Now, DeSantis should not take complete personal responsibility for the bad behavior of his legions of former staffers, and Vivek’s populist leanings are about as convincing as if Bill Clinton ever calls himself a “feminist.” Seriously, Vivek would say anything put into his teleprompter Ron Burgundy-style.
But it’s not about whether the candidates are 100 percent behind what they are saying, but a case that their campaigns are saying it in the first place. The GOP’s top three presidential primary campaigns are reaching out to a fringe niche of primary voters — ones who unquestionably follow Tucker Carlson’s every word, believe Zelenskyy is nothing but a puppet of the U.S. war machine, and probably have some crackpot RFK Jr.-influenced views on vaccines.
Meanwhile, mainstream and moderate GOP voters who don’t fall for conspiracy theories and long for the bygone days when Mitt Romney held the party in his grasp are left out in the cold. While mainstream conservatives are certainly well-represented in the primaries with Nikki Haley, Tim Scott, Mike Pence, Doug Burgum, and a few more not necessarily worth mentioning, their low-level polling suggests that none of them are the party’s flavor of the month. Instead, we find ourselves with Trump in the runaway position with DeSantis and Vivek jockeying for a far second place.

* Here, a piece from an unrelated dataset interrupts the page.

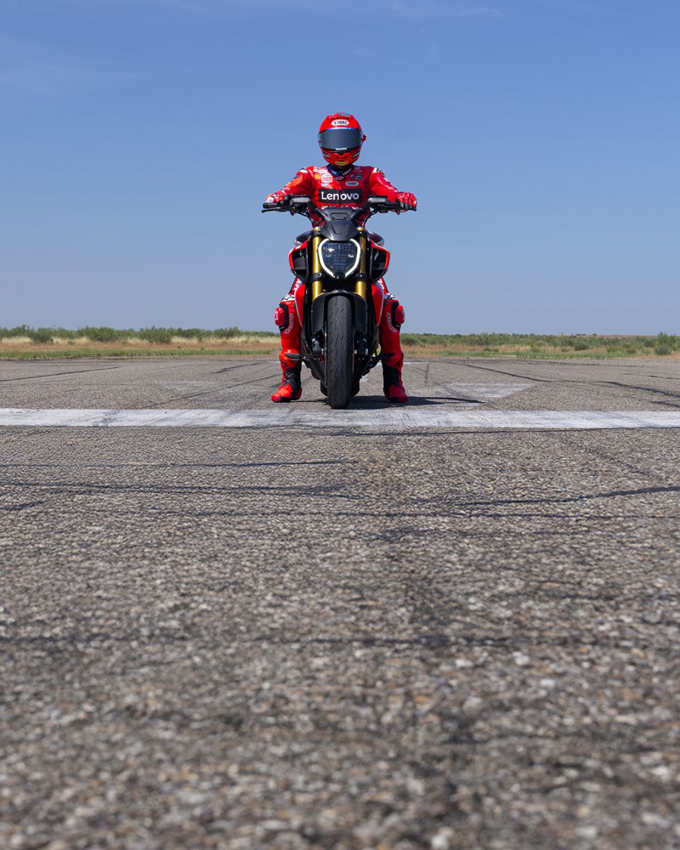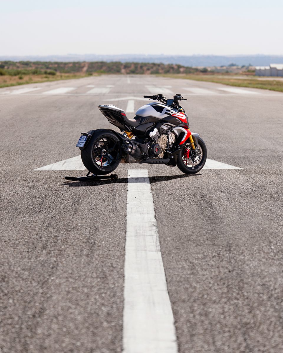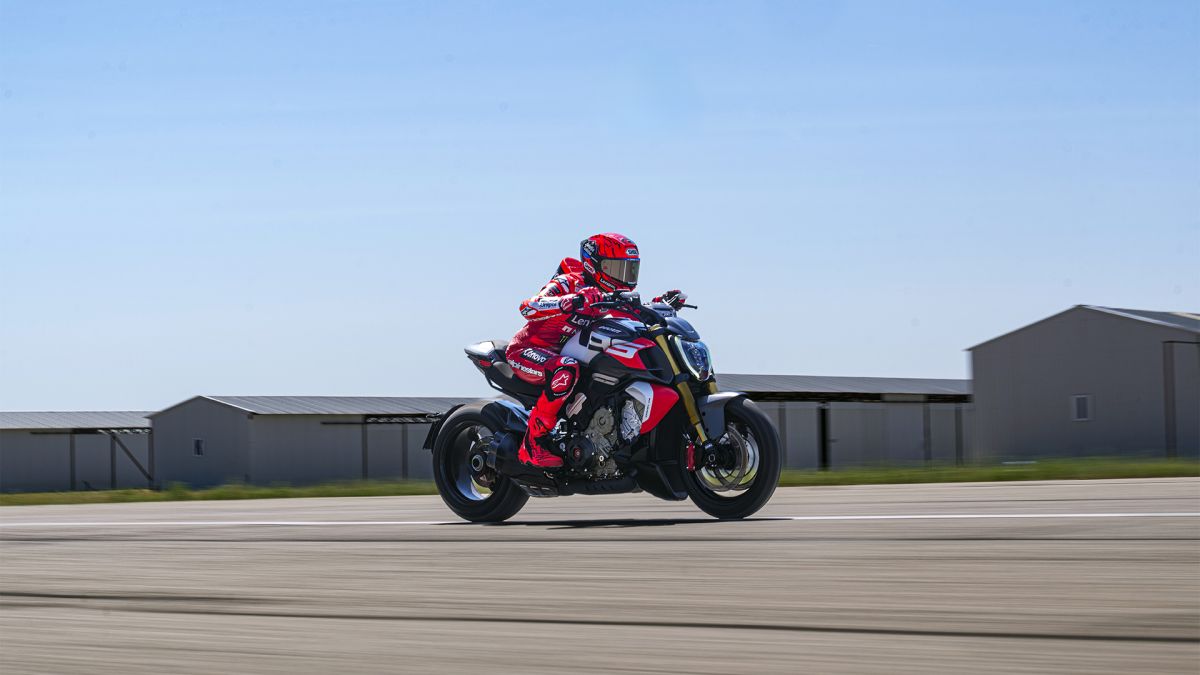 Diavel V4 RS dvíha latku čo sa týka výkonu a adrenalínu, pre najrýchlejšie zrýchlenie v rade Ducati: z 0 na 100 km/h iba za 2,5 sekundy, tento referenčný bod doteraz patril výlučne motocyklom MotoGP. Pretekársky motor Desmosedici Stradale s objemom 1103 cm3 dokáže uvoľniť maximálny výkon 182 koní, čo je o 14 koní viac v porovnaní s motorom V4 Granturismo modelu Diavel V4. Motor dopĺňa suchá spojka STM-EVO SBK a titánový výfuk.

If Trump is going to be the nominee yet again, then he must get back to the issues that allowed him to defeat Hillary Clinton — issues that appealed to a wide swath of the American electorate, even though many understandably held their breath when voting for him.

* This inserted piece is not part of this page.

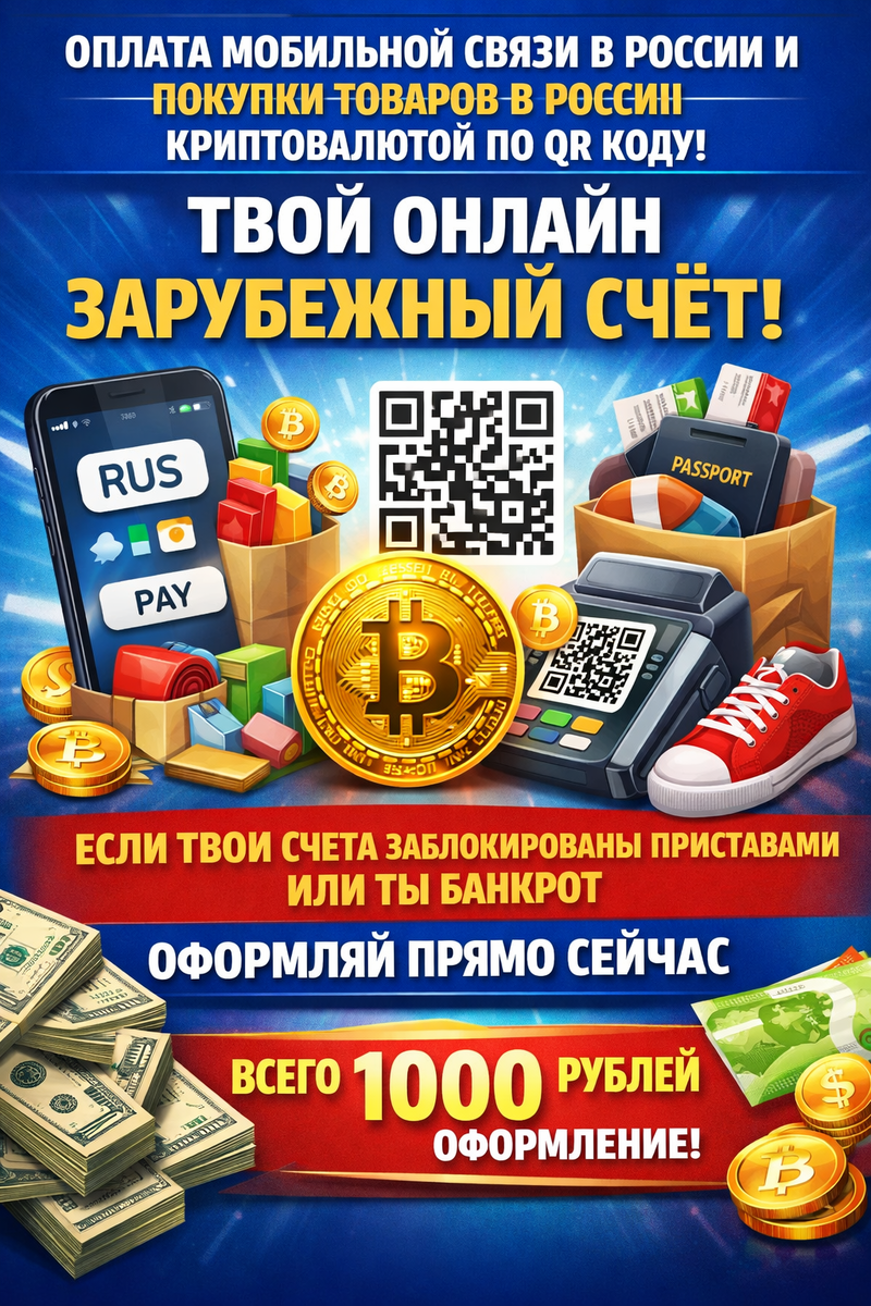 В эпоху, когда финансовая независимость на вес золота, не позволяйте блокировкам остановить вашу жизнь. Оформите зарубежный онлайн-счет за 1000 рублей и наслаждайтесь оплатой товаров и мобильной связи криптовалютой по QR-коду в России. Это не просто счет — это ваш ключ к свободе платежей в рублях, крипте или любой другой валюте. Не откладывайте: заявку можно отправить прямо сейчас через Telegram, и вы будете готовы к транзакциям уже сегодня!

With rumors of a third-party unity ticket run of disenfranchised moderate Republicans and Democrats with help from No Labels, a centrist political organization, moderates may flee from the GOP to find camaraderie elsewhere. Despite Democratic fears that No Labels may be a “spoiler” for Joe Biden’s second term, there is a much higher likelihood that anti-Trump Republicans will find solace by casting their ballots for fellow GOPers like Larry Hogan and Jon Huntsman Jr. than moderate Democrats turning their back on Biden.
Biden may be unpopular with only 40 percent of Americans approving of his time in office according to recent polls, but so is Trump, as the former President, who also lingers around 40 percent nationwide approval. Yet, Trump has proven more toxic than Biden, especially when viewing 2022 midterm results when prominent MAGA candidates failed to seize victory in winnable races against Biden’s allies.
While 2024 will undoubtedly see Trump attacking his political rivals in increasingly bizarre fashion and pandering to the party’s right, he should, if anything, mix that rhetoric with the issues mainstream policy-oriented voters care about: the economy, education, and foreign policy, especially against communist China. Instead, Trump and other GOP populist politicos are penning their own longest suicide notes in history and will meet a foreseeable defeat on all fronts come next November if they do not drastically change course.